"Harry Potter and the Goblet of Fire" was a turning point in the franchise, picking up what "Prisoner of Azkaban" started by embracing a darker, far more serious tone that was more in line with J.K. Rowling's books. The depleting color of the Warner Bros. logo reminds viewers at the very beginning that things are changing in the Wizarding World, with the film's grim opening moments seeing Peter Pettigrew catering to Lord Voldemort' and killing an innocent man in the process.
It's all sunshine and rainbows for the next few minutes of "Goblet of Fire," until the Death Eaters come to ruin all the Quidditch World Cup fun, another reminder that the Wizarding World will never be the same again. But aside from the darkness rising, you will recognize that "Harry Potter and the Goblet of Fire" was perhaps the most fun movie in the franchise.

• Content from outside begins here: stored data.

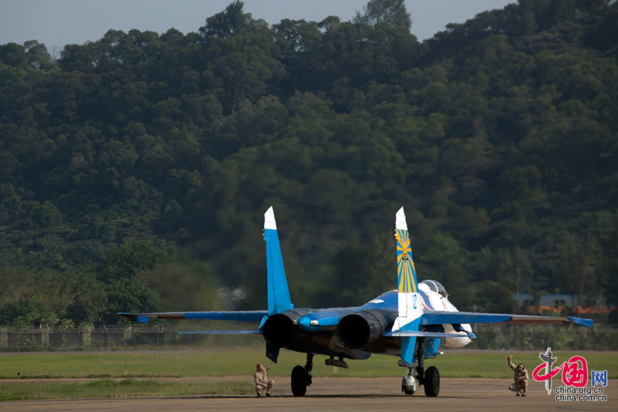 Ein Suchoi Su-27 der russischen Kunstflugstaffel „Russkije Withasi“ (Russische Recken) verlässt den Flugzeugabstellplatz.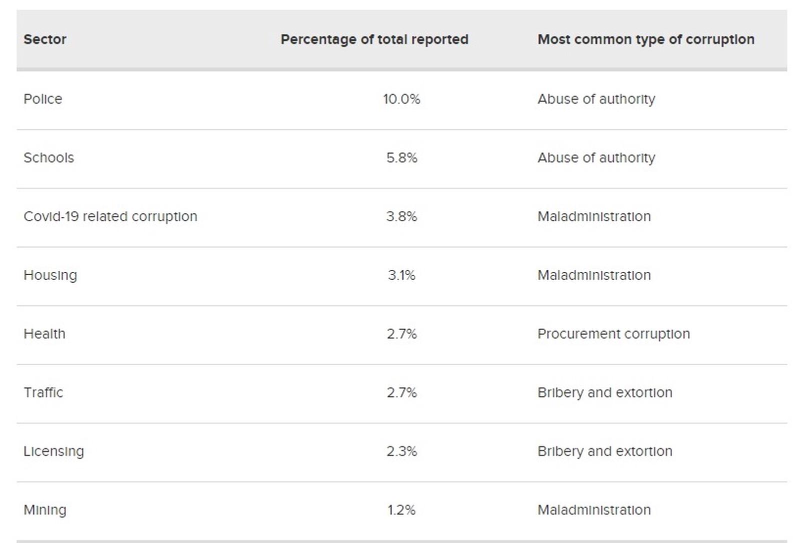 Báo cáo của Tổ chức Giám sát Tham nhũng cũng trình bày chi tiết 8 khu vực được thống kê là có nhiều tham nhũng nhất cũng như 4 hình thức tham nhũng phổ biến nhất. Đứng đầu danh sách là cảnh sát (10%), tiếp đến là trường học (5,8%), với hình thức phổ biến nhất là lạm dụng chức quyền.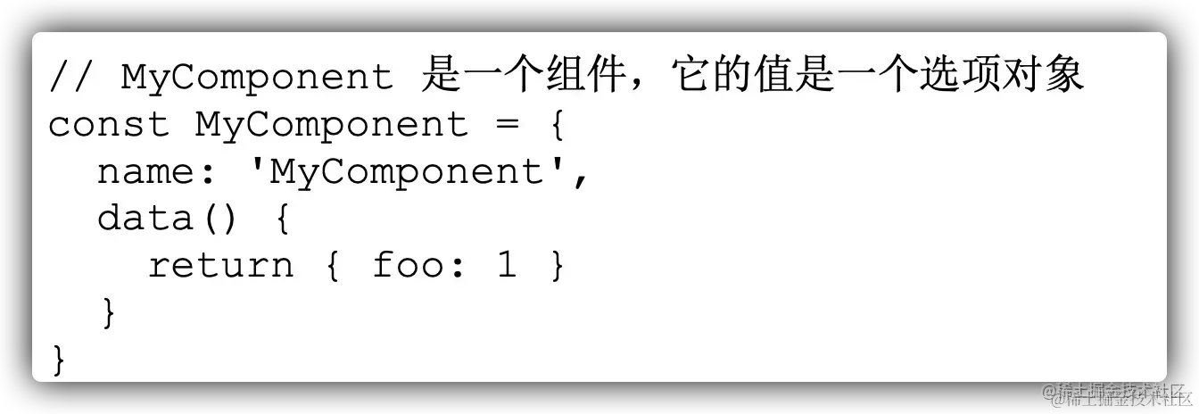 组件本质上就是一个 JavaScript 对象,比如,以下对象就是一个基本的组件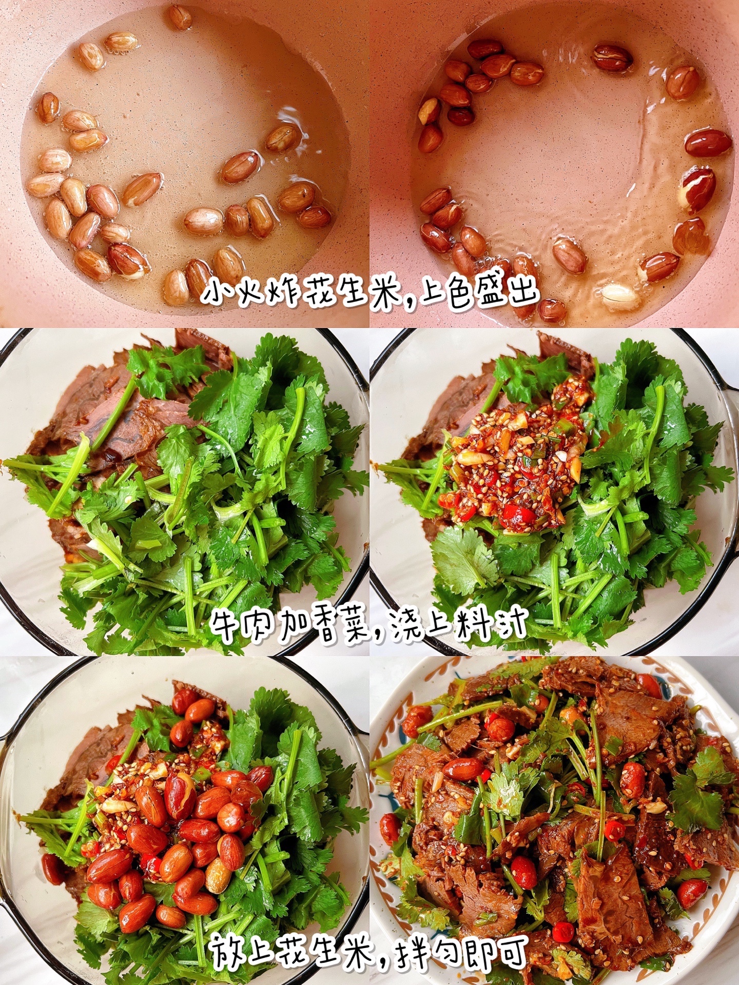 4️⃣牛肉放香菜,浇上料汁,花生米,拌匀即可

It's a coming-of-age story, where teenagers are afforded a chance to be just teenagers, even if for a split second.
That brings me to the Yule Ball — the social event of the Triwizard Tournament where witches and wizards danced to a live rock band all night. It's also where Emma Watson's Hermione Granger has her big Cinderella moment — a scene that was necessary for her character, but one that Emma Watson secretly hated.
'I Knew It Was A Big Deal, And I Was Miserable.'
Hermione Granger attends the Yule Ball with Viktor Krum, the über-cool Bulgarian quidditch player from Durmstrang. Krum is also one of the four Triwizard Champions, which means that the two of them must dance before hundreds of students, including her friends Harry Potter and Ron Weasley.
It is established early on that Harry and Ron never consider asking Hermione to the ball, simply because they don't see her as anything more than a friend, or a "sidekick," as Emma Watson said, during the anticipated "Harry Potter 20th Anniversary: Return to Hogwarts" reunion special. And that's what made this pivotal scene so important. The actress recalled:
"I think for the first time, Harry and Ron, particularly Ron, see Hermione as a young woman, not just this kind of sidekick that they each have. I knew it was a big deal, and I was miserable...I just knew it was the duckling becomes a swan moment, I mean there was just all of this pressure suddenly.
Watson also shared some behind-the-scenes details, explaining that the film's director, Mike Newell coached her to walk down the stairs. And he gave her a "million" different directions about what the scene needed to be. Emma tried her best to keep up, but it didn't exactly go very well. Watson remembered:
"Mike Newell coached me to walk down the stairs in the dress. 'Your arms are swinging too much, you're walking too quickly, you need to walk slower.' He's giving me a million different directions about how to walk down the stairs, and of course, I fell down the stairs."
It Planted The Seeds For Ron And Hermione's Romance
The Yule Ball was a pivotal moment for Ron and Hermione's relationship as well, as it is made clear that Ron finally begins to see her in a different light. He acts out of jealousy when he lashes out at Hermione for "fraternizing with the enemy," which I believe, is code for "dance with me." In a way, "Goblet of Fire" planted the seeds for their inevitable relationship, even though they're not officially together until four movies later.
Interestingly, Hermione's Yule Ball dress differed in the books and the adaptation. In the books, Hermione Granger wears a dress made of a floaty, periwinkle-blue material, which was changed to pink for the movies, believed to be a color better-suited for Emma Watson. The floor-length chiffon dress had a tiered skirt, with layers that turned a deeper shade of pink as they went on. It was a magical moment, and a wand wasn't required at all.
Emma Watson might have secretly hated filming the scene, but it was here that Hermione's personal coming-of-age story was spotlighted for the very first time.